Down isn’t necessary. We know the kindly officer knelt down, so we can omit the word.

Using up and down as I did in the examples isn’t incorrect, but since I tend to produce words aplenty, I look for places where I can put my prose on a diet in order to tighten my writing. Eliminating unnecessary adverbial particles is one way I reduce my word count.

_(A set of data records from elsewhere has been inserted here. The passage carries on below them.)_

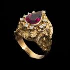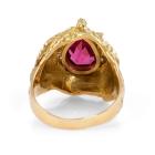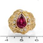 Garnet and Diamond ring with pear shape red Natural Garnet of approximately 2.00ct and round Natural Diamonds totalling approximately 0.20cts. 18ct yellow gold. Ring size M. Band width: 4.8mm - 2.8mm. Weight: 9.2g. (Pre-owned)
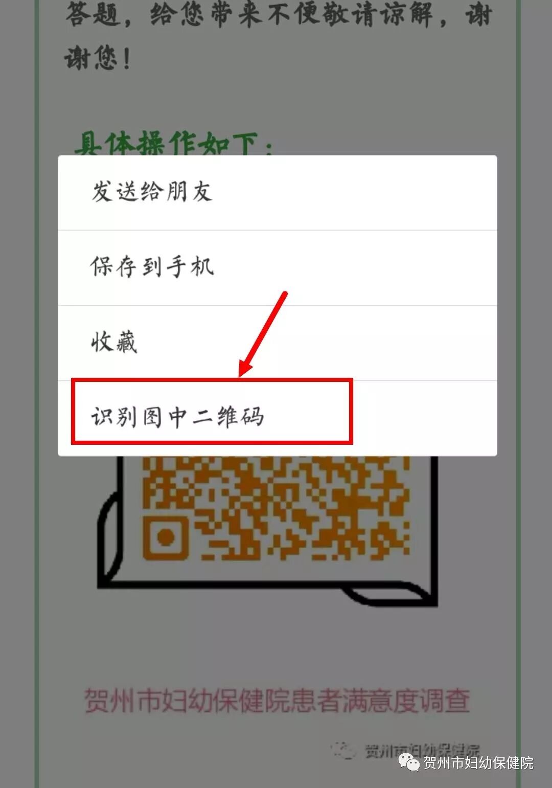 您好!非常感谢您对我院的信任与支持,为了给您提供更优质的医疗服务,占用您几分钟宝贵的时间,敬请您长按以下“贺州市妇幼保健院患者满意度调查”二维码进行答题,给您带来不便,敬请谅解。
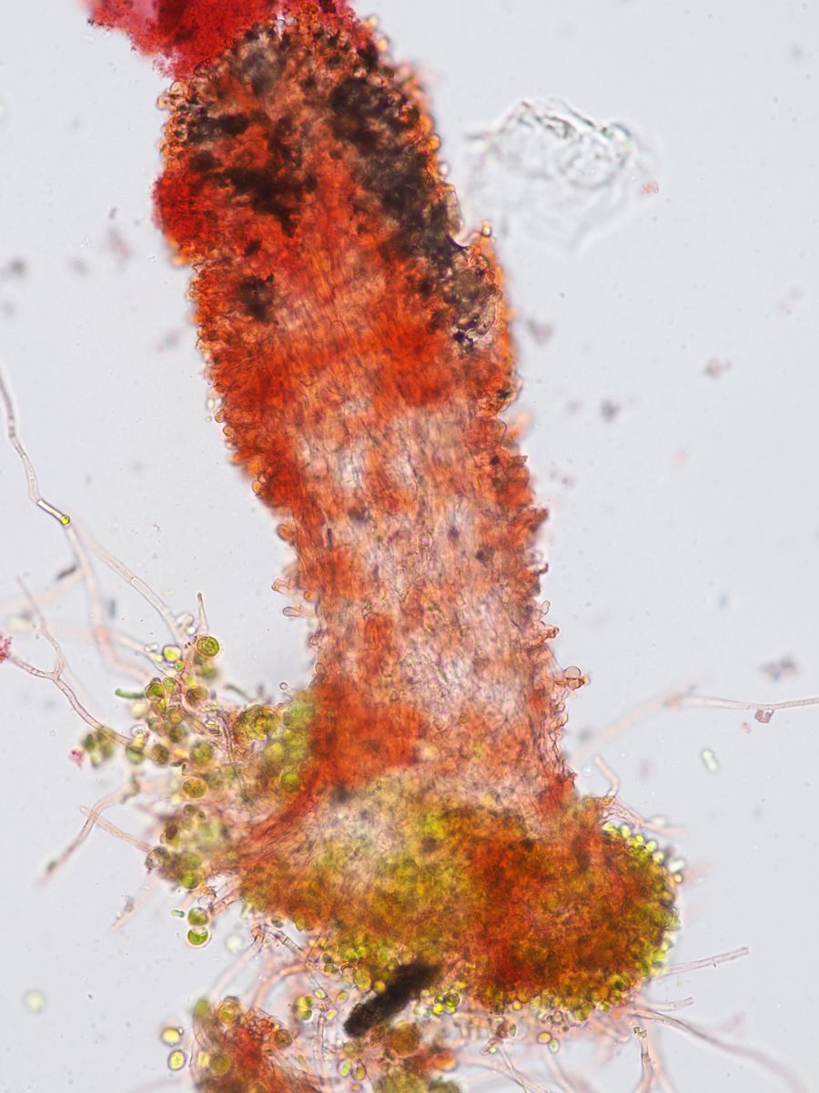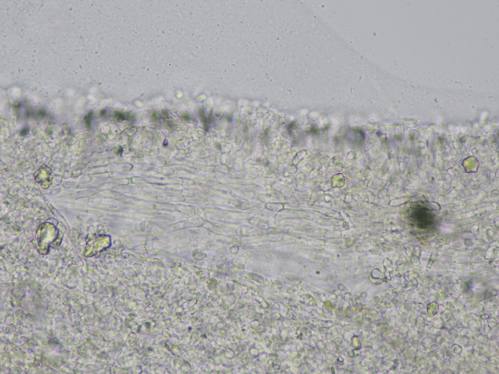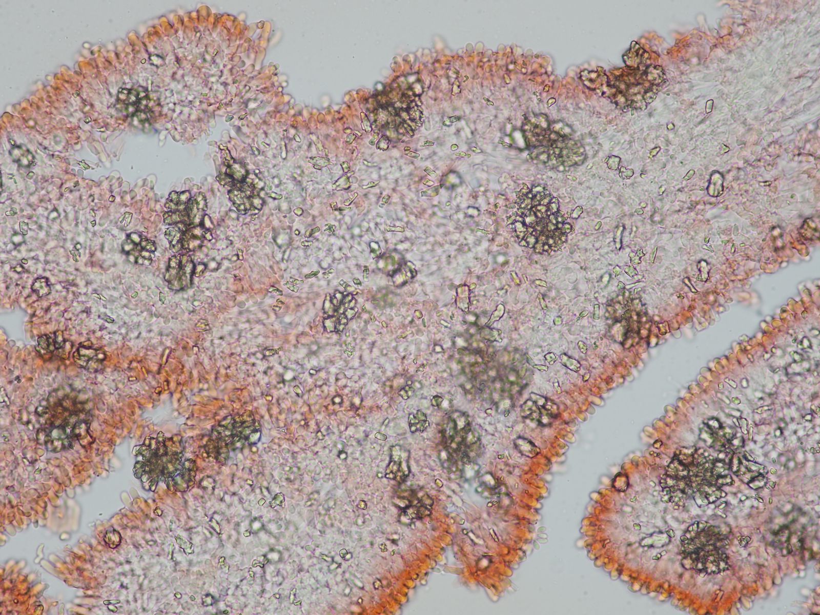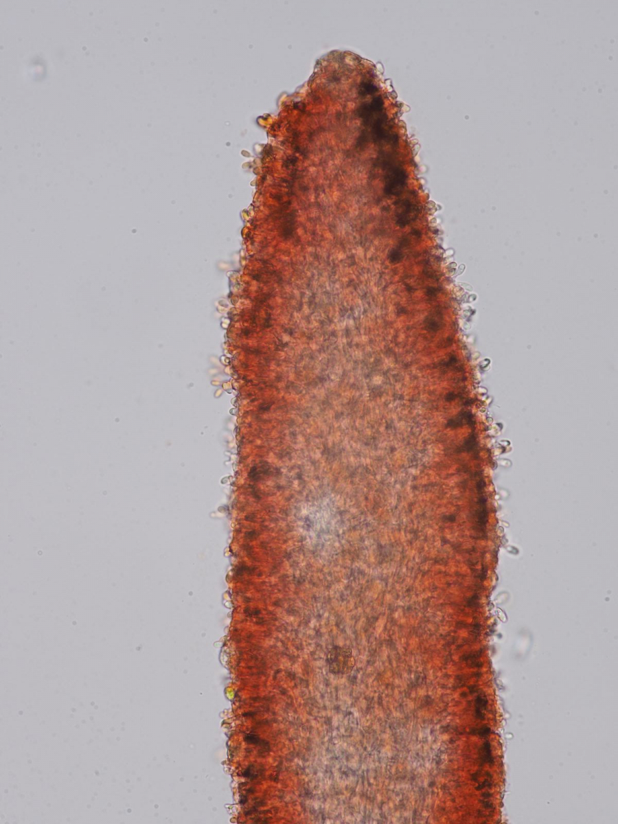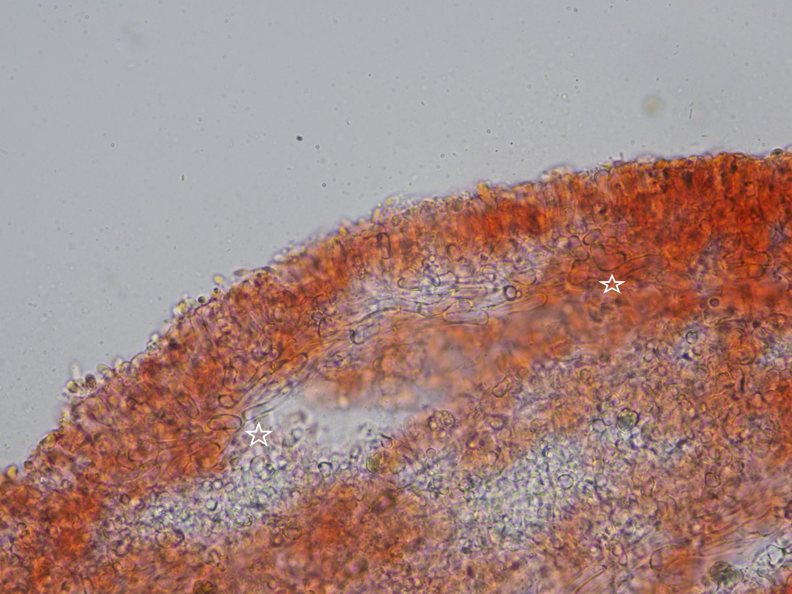 Den zweiten Fund, den ich vorstellen möchte machte ich an einer vertikalen Seite eines großen (Silikat-) Sandsteinquaders. Es handelt sich um gruppierte reinweisse "Eiszapfen" bis ca 1,5mm Länge auf abgestorbenem Moos/Rhizoid. Wie erwartet gestaltet sich die Bestimmung schwierig. Die Sporenmaße passen gut zu Mucronella calva, die allerdings auf Holz (ausschließlich?) vorkommt. Ebenfalls in Frage kommt Ceratellopsis spec. die auf abgestorbenen Moosen vorkommen soll, was besser passt, für sie werden jedoch größere Sporenmaße angegeben. Kristalle, Schnallen und amyloide Sporen sind wohl kein Trennmerkmal da bei beiden Gattungen beschrieben. Ich kann daher keine definitive Zuordnung treffen. Aber vielleicht hat sich ja jemand von euch bereits eingehender damit beschäftigt und hat eine Meinung dazu?
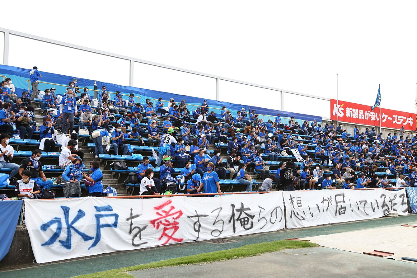 2020年10月4日、岡山戦での水戸ホーリーホックサポーター。
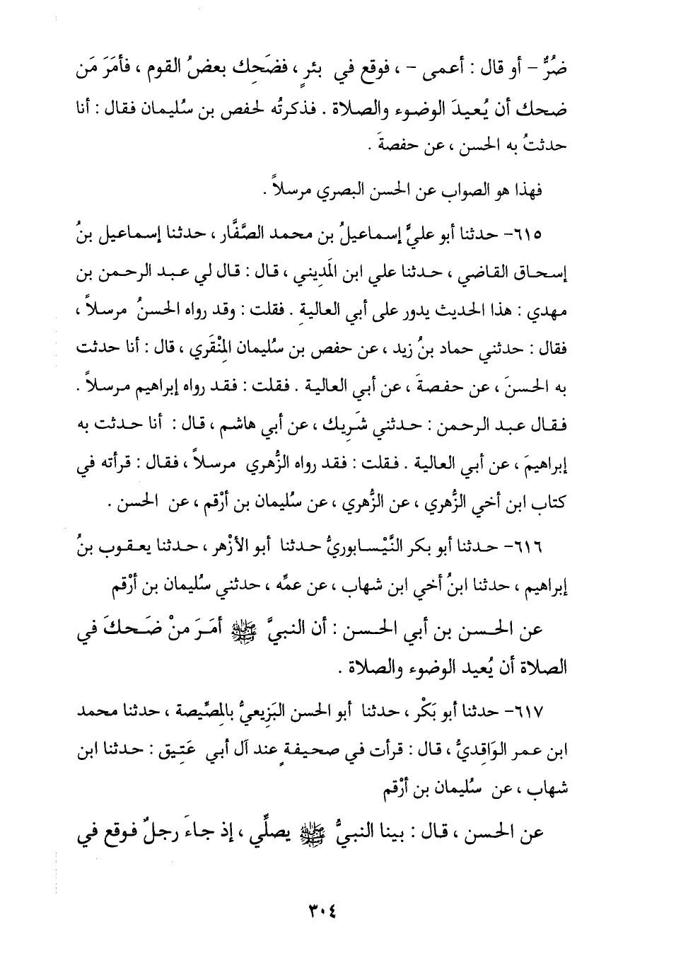 617 - حَدَّثَنَا أَبُو بَكْرٍ , نا أَبُو الْحَسَنِ الْبُزَيْعِيُّ بِالْمِصِّيصَةِ , ثنا مُحَمَّدُ بْنُ عُمَرَ الْوَاقِدِيُّ , قَالَ: قَرَأْتُ فِي صَحِيفَةٍ عِنْدَ آلِ أَبِي عَتِيقٍ: نا ابْنُ شِهَابٍ , عَنْ سُلَيْمَانَ بْنِ أَرْقَمَ , عَنِ الْحَسَنِ قَالَ: بَيْنَا النَّبِيُّ صَلَّى اللهُ عَلَيْهِ وَسَلَّمَ يُصَلِّي إِذْ جَاءَ رَجُلٌ فَوَقَعَ فِي -[305]- بِئْرٍ , فَضَحِكَ بَعْضُ الْقَوْمِ , فَأَمَرَ رَسُولُ اللَّهِ صَلَّى اللهُ عَلَيْهِ وَسَلَّمَ «مَنْ ضَحِكَ أَنْ §يُعِيدَ الْوُضُوءَ وَالصَّلَاةَ»
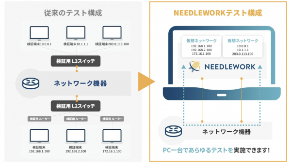 NEEDLEWORKを利用することにより、テストに必要な環境構築、手作業での人的ミスを排除することが可能です。また、自動化によりテストにかかる時間を大幅に削減することが可能です。
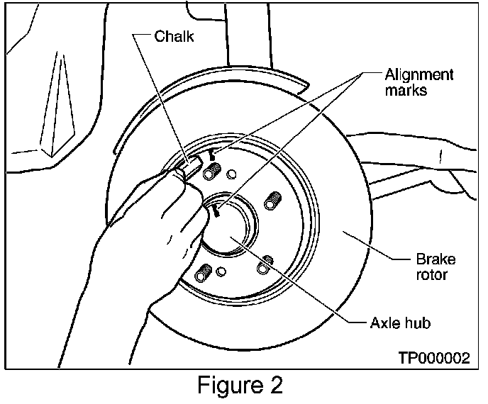 ^ If the rotor must be removed for any reason, mark the exact location (rotor to axle hub) before removing the rotor (see Figure 2).
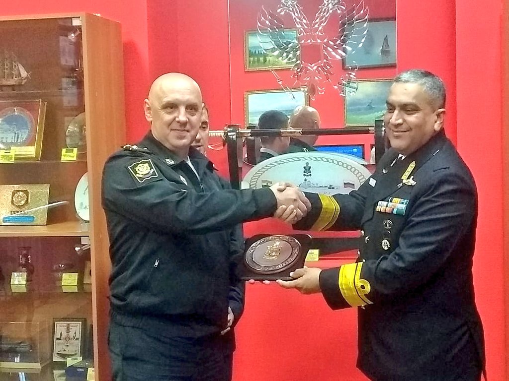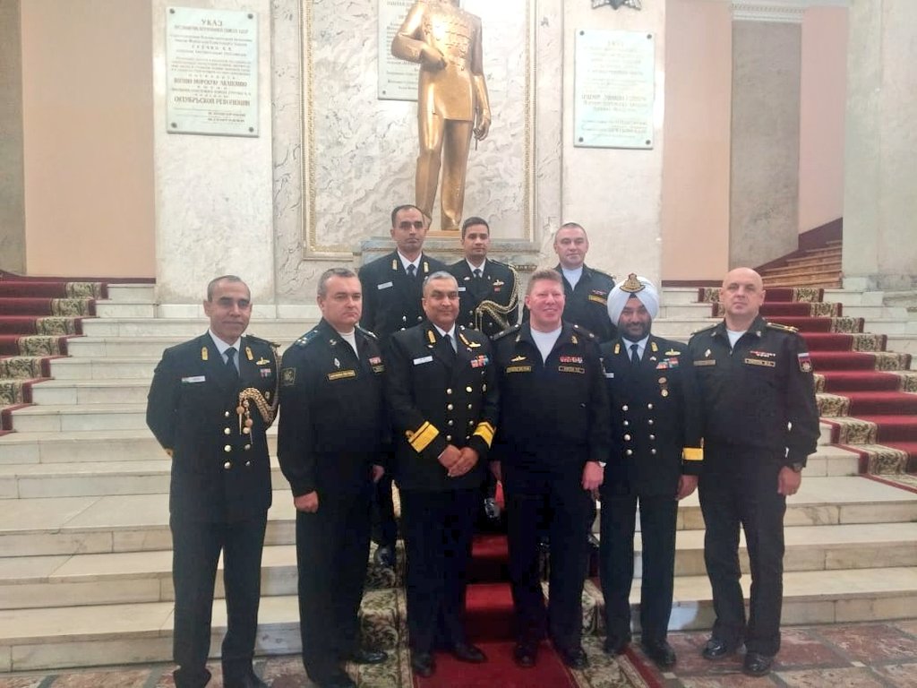 #BridgesofFriendship#IndianNavy training delegation led by RAdm Suraj Berry, ACOP (HRD) visits Russia to enhance training cooperation in niche areas. The team visited Russian Naval Academy, Military Institute & Naval Polytechnic Institute of Naval Academy@IndEmbMoscowpic.twitter.com/XOXRzGWgmY
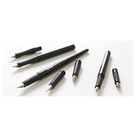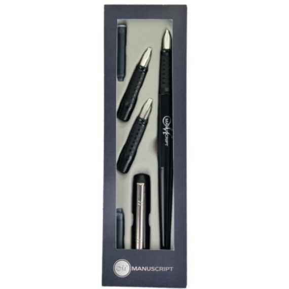 Manuscript Scribe Calligraphy - это комплект с 3 ширококонечными перьями с серебряным покрытием для бесперебойной подачи чернил, 2 черных картриджа и жестяной коробочкой для хранения перьев. Такой набор прекрасно подойдет для повседневного использования начинающих и опытных каллиграфоф.

Being a writer, at least a wordy one like me, does have its ups and downs at times. But now, you’ll be able to trim unnecessary words if you choose to use this tip.


About Keli Gwyn

I'm an award-winning author of inspirational historical romance smitten with the Victorian Era. I'm currently writing for Harlequin's Love Inspired Historical line of wholesome, faith-filled romances. My debut novel, A Bride Opens Shop in El Dorado, California, was released July 1, 2012. I'm represented by Rachelle Gardner of Book & Such Literary. I live in a Gold Rush-era town at the foot of the majestic Sierras. My favorite places to visit are my fictional worlds, other Gold Country towns and historical museums. When I'm not writing I enjoy taking walks, working out at Curves™ and reading.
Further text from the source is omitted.